See config.yaml.example for all available options.

Architecture

roz/
├── main.py                 # Main entry point - motion detection loop
├── src/
│   ├── config.py           # Configuration loading (config.yaml only)
│   ├── hardware/
│   │   └── camera.py       # USB camera interface (OpenCV)
│   ├── detection/
│   │   └── motion_detector.py  # Frame differencing motion detection
│   ├── llm/
│   │   ├── vision_analyzer.py  # LLM API client for vision analysis
│   │   └── prompt_config.py    # Prompt templates for change detection
│   └── speech/
│       └── announcer.py    # Piper TTS integration
├── config.yaml.example     # Example application settings
└── pyproject.toml          # Project dependencies

Audio Device Configuration

The TTS output uses ALSA. To find your audio device:

Update the device in src/speech/announcer.py if needed (default: plughw:3,0).

Troubleshooting

Camera Focus & Positioning

If you are running Roz headless (without a monitor) and need to focus or position the camera, use stream_camera.py. This script starts a lightweight web server that streams the camera feed to your browser.
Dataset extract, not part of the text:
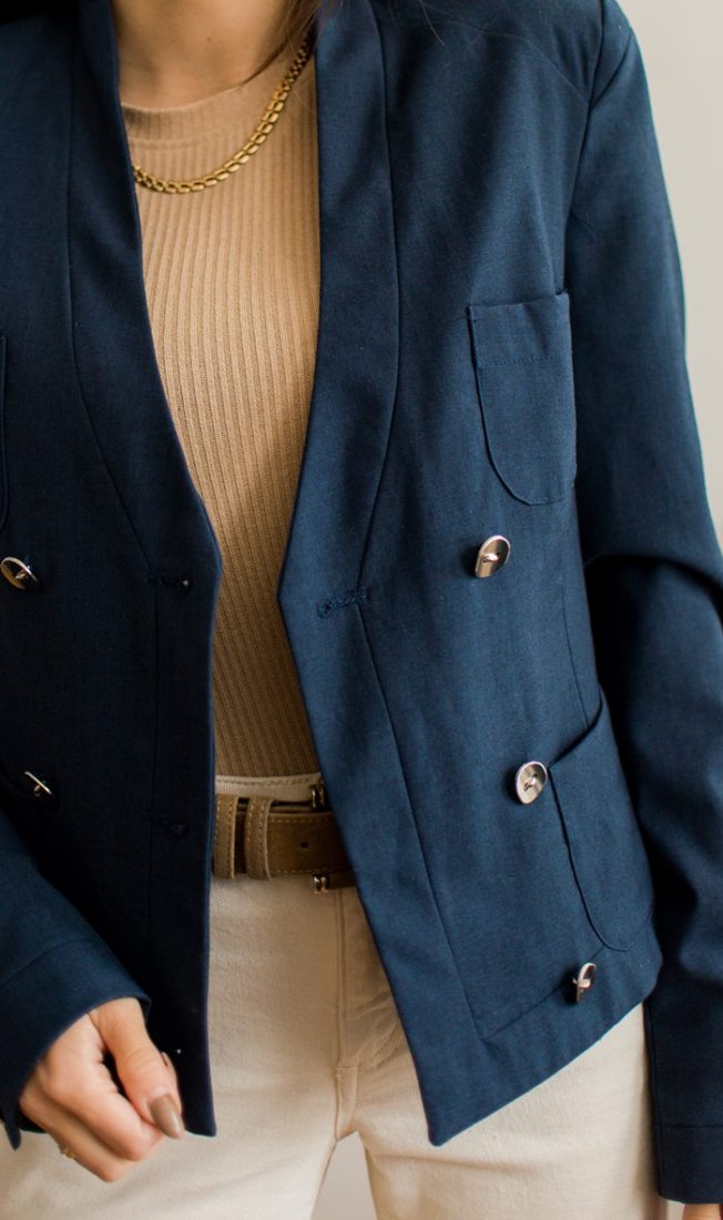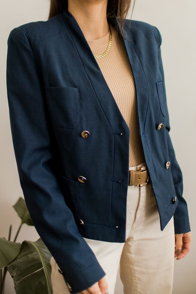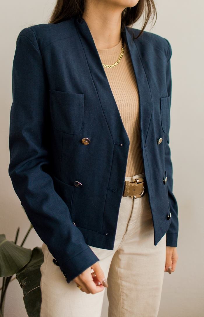 Granatowa marynarka ze srebrnymi guzikami i poduszkami na ramionach.

Then, open your browser and navigate to http://<your-device-ip>:8080.

Audio Issues

If you aren't hearing anything or want to verify your TTS setup, use test_audio.py. This script will attempt to initialize the Piper TTS engine and play a test message ("Testing audio output. Hello world.").

If this fails, check your config.yaml to ensure the tts.device and tts.voice_model paths are correct.

License

This project is licensed under the GNU Affero General Public License v3.0 (AGPL-3.0). See LICENSE for details.